Ondaatje, Michael (Writer)

(1943- ) poet, novelist

Born in Colombo, Ceylon (now Sri Lanka), of Dutch, English, Sinhalese, and Tamil descent, Philip Michael ondaatje is the youngest child of Mervyn ondaatje, a tea-and-rubber-plantation superintendent, and Enid Doris, who ran a dance and theater school. In 1962, ondaatje emigrated to Canada, where he studied English and history at Bishop’s University in Quebec; he has baccalaureate and master’s degrees.

Ondaatje is one of a few Canadian writers who also is published in the United States and Britain and is known internationally. His early poems appeared in New Wave Canada: The New Explosion in Canadian Poetry (1967). His poetry collection Secular Love (1984) explores the pain of the failure of his first marriage and celebrates his second.

In his first foray into fiction, The Collected Works of Billy the Kid (1970), Ondaatje retells the story of the outlaw William H. Bonney through a mixture of poetry, prose, photographs, and other illustrations.
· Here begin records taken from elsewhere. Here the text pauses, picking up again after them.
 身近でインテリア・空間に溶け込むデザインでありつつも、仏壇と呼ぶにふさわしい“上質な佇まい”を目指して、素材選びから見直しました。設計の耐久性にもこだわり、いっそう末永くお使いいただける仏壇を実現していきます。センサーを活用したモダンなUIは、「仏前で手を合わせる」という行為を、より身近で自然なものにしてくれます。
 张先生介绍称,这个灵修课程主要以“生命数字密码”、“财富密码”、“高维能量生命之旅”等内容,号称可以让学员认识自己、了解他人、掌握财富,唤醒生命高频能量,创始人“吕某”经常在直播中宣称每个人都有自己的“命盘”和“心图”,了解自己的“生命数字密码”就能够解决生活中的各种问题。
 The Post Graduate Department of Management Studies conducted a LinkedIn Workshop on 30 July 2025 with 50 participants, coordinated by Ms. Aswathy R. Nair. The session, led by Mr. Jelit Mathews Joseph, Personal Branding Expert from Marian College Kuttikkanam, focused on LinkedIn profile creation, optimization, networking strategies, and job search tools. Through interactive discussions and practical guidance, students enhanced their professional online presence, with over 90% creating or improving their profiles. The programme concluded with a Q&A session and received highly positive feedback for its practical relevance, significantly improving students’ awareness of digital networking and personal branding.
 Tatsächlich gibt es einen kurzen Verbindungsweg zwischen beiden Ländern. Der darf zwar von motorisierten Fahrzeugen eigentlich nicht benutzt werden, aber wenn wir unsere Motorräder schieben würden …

In Coming through Slaughter (1976), too, he interweaves biography, history, and fiction to relate the story of jazz cornetist Buddy Bolden, who went insane. In the Skin of the Lion retells the story of the building of Toronto’s Prince Edward Viaduct. In 1978, after a 24-year absence, Ondaatje returned to his homeland, now Sri Lanka. In journals, he recorded family anecdotes and stories that developed into his “fictional memoir” Running in the Family (1982), which is composed of vivid, rhapsodic reminiscences.
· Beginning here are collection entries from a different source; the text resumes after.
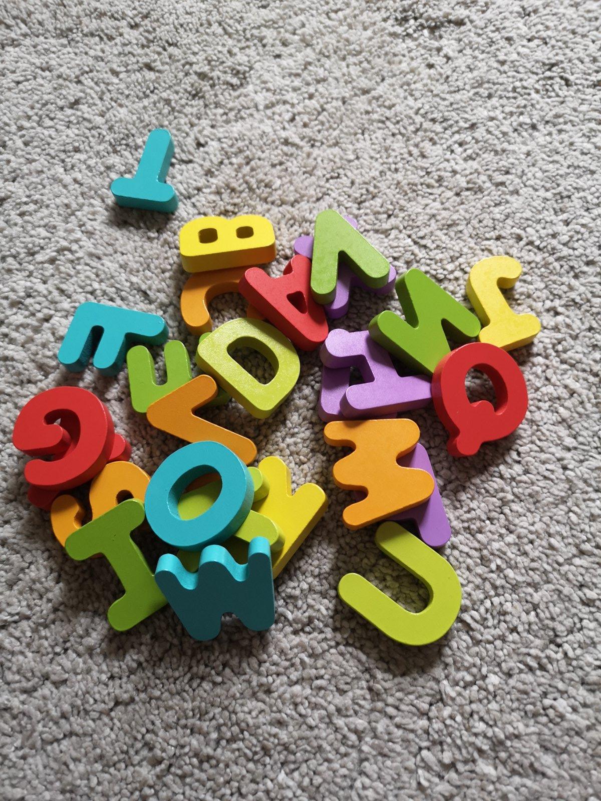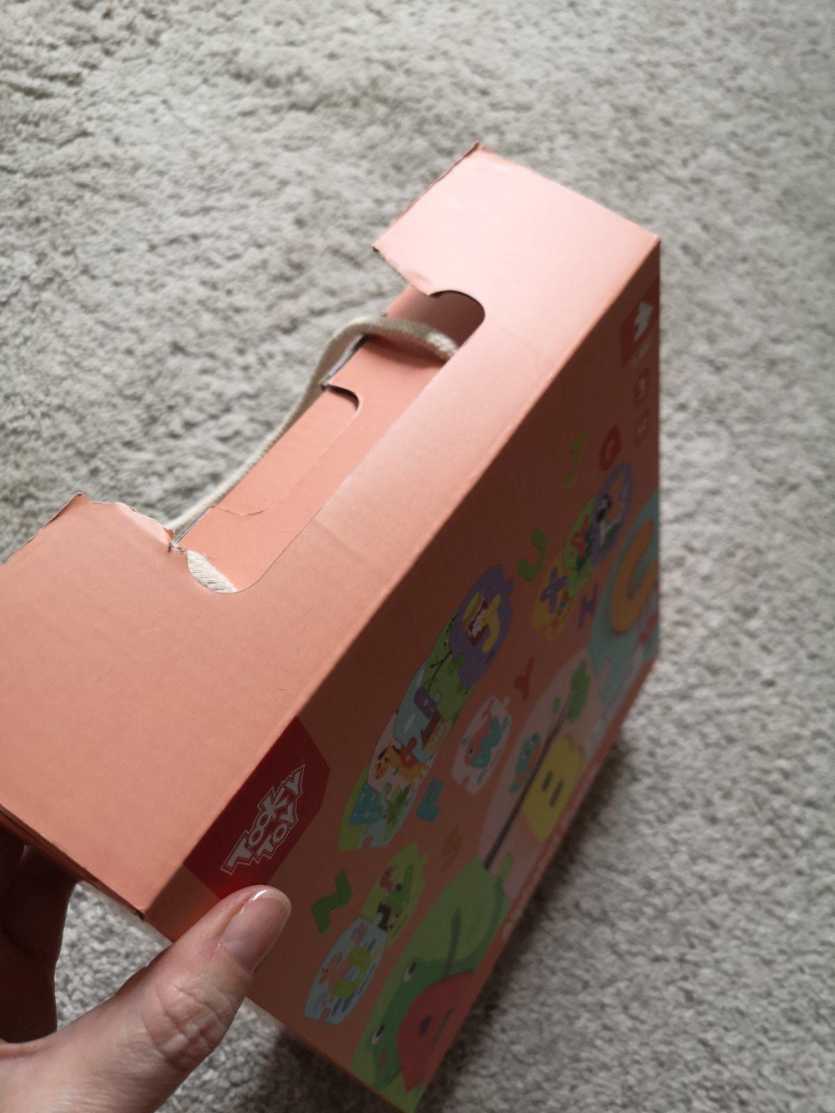 Puzzle značky Tooky toys. Málo používané. Stav ako nové. PUZZLE sú z hrubého kartónu a písmenká z dreva. Obrázky sú v angličtine. Jediná chyba je kúsok odtrhnutý z krabice viď. foto.
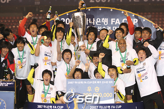 올 한 해 한국 축구 대미를 장식한 FA컵을 쟁취한 주인공은 다름아닌 전남 드래곤즈였다. 2일 오후 3시 포항 스틸야드에서 펼쳐진 2007 하나은행 FA컵 결승 2차전에서 전남은 2골을 성공시킨 송정현과 산드로의 추가골에 힘입어 3-1 승리, 2연승으로 우승컵을 가져왔다. 지난 주말 안방인 광양 전용구장서 열린 1차전서 3-2로 짜릿한 재역전승을 거뒀던 전남은 1승을 추가하며 국내 축구 사상 처음으로 2시즌 연속 FA컵을 평정하는 역사를 창조했다. 정규리그 내내 부진한 행보로 비난의 중심에 섰던 전남은 이번 FA컵을 통해 그간 겪어온 모든 설움을 떨쳐낼 수 있었다. 우승까지 다다른 전남의 행보가 포항과 판박이었다는 점이 흥미로웠다. 올 시즌 정규리그서 5위에 오른 뒤 6강 플레이오프-준 플레이오프-플레이오프-챔피언 결정전을 거치며 우승을 차지한 포항처럼 전남도 토너먼트로 치러진 FA컵에서 승리를 거듭했다. '단기전 매직'이란 표현이 결코 지나치지 않을 정도였다. 자존심 강하기로는 둘째 가라면 서러운 허정무 감독은 적지에서 ‘매직’의 지존으로 떠오른 파리아스 감독을 꺾으며 위상을 높였다. yoshike3@osen.co.kr
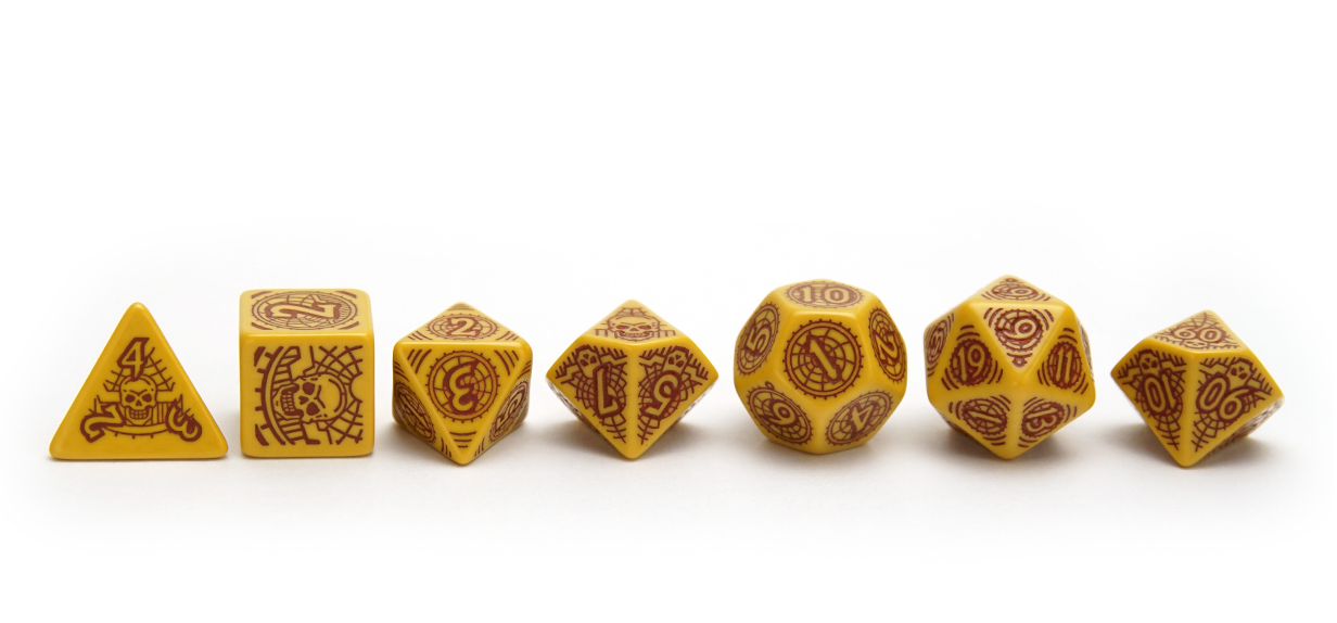 Bold golden yellow and daubed in crimson red ink, these dice are marked with nautical chart and globe decorations, with an intimidating skull proudly emblazoned upon the highest numbers.
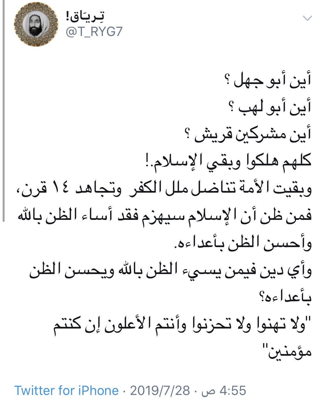 مناور سليمان على تويتر حساب رائع T Ryg7 يشعرك بعزة الإسلام وعزة أهله حيث يبعث في نفسك الغيرة على شعائر الدين فخطابات العزة لها شعلة عالية بين أبواق المخذلين المنتكسين عن الحق وهنا
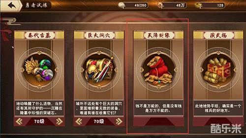 小编最近在研究“天将财源”和“演武场”。在经历了斗将台、十连连营、兵临城下和无尽之域后,回来在校场练练兵其实也不错哦。“天上掉馅饼”也是不错滴,还有钱拿哦~~那么今天给大家分享下“天将财源”和“演武场”的心得。
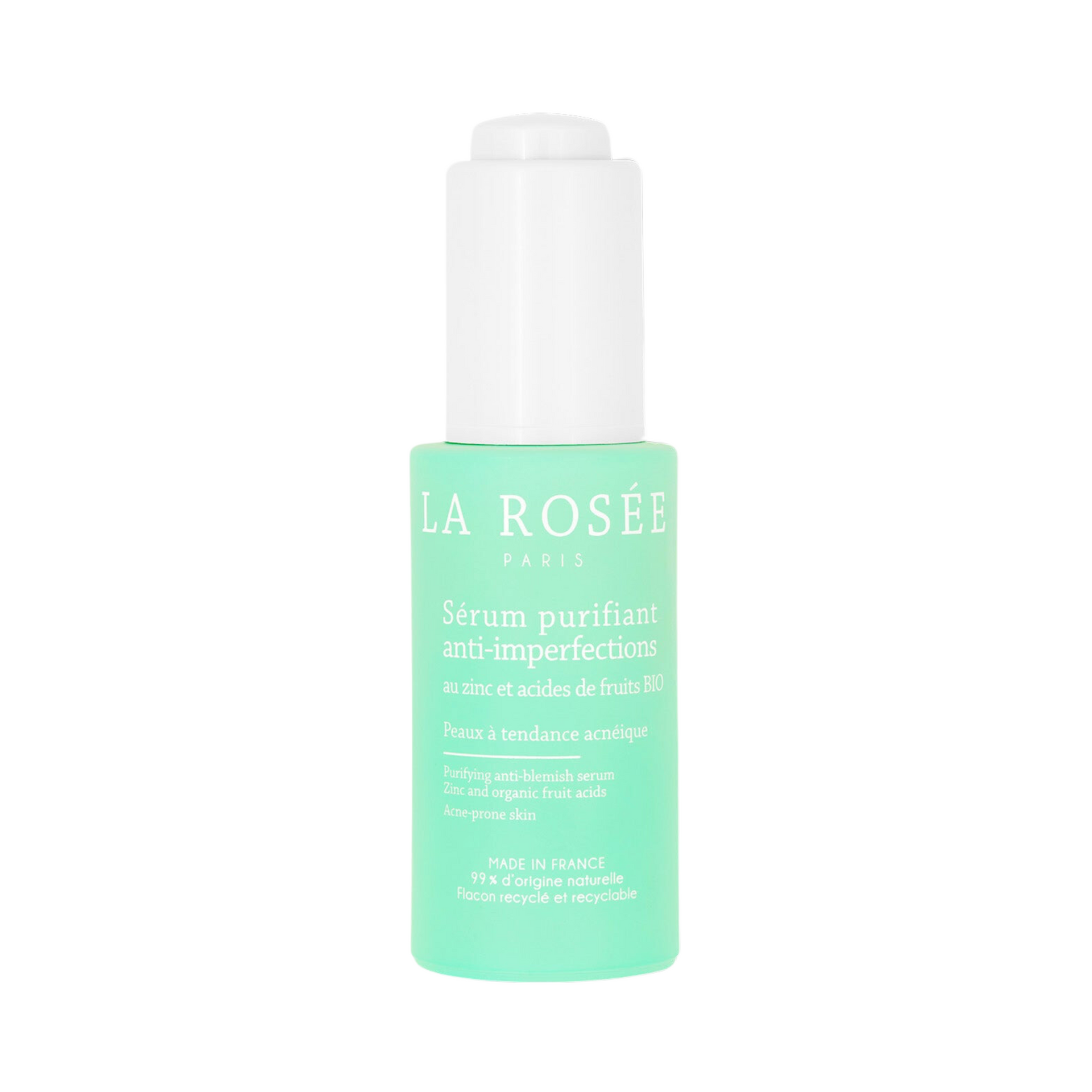 La Rosée Purifying Anti-Blemish Serum with zinc and organic fruit acids reduces excess sebum, unclogs and tightens pores, and gently exfoliates for a refined and smooth skin texture.

In many of his novels, ondaatje uses his central characters to explore a violent reality, mixing the ordinary and the fantastic to create a surreal montage, as can be seen in The English Patient (1993). Here a quartet of characters—Hana Lewis, a Canadian nurse; the “English patient,” burned beyond recognition, who is in fact a Hungarian count; thief and double agent David Caravaggio; and sapper Kip Singh, who has been sent to clear the area of enemy mines—shelter in a dilapidated Italian villa during the last days of World War II. Douglas Barbour remarks, “As the complexly ordered fragments of the novel accumulate, their pasts, their presents, and their possible futures intertwine in an intricate collage,” creating in the process, as Lorna Sage observes, “an improbable civilization of their own, a zone of fragile intimacy and understanding….”

Fascinated by history, documentation, and biography, Ondaatje reinvents history through imagination. The dominant features of his style are a dynamic beauty and a scarcely contained violence. He has won many awards, including the Governor General’s Award three times, the Booker Prize, and the Toronto Book Award.

A Work about Michael Ondaatje

Barbour, Douglas. Michael Ondaatje. Boston: Twayne, 1993.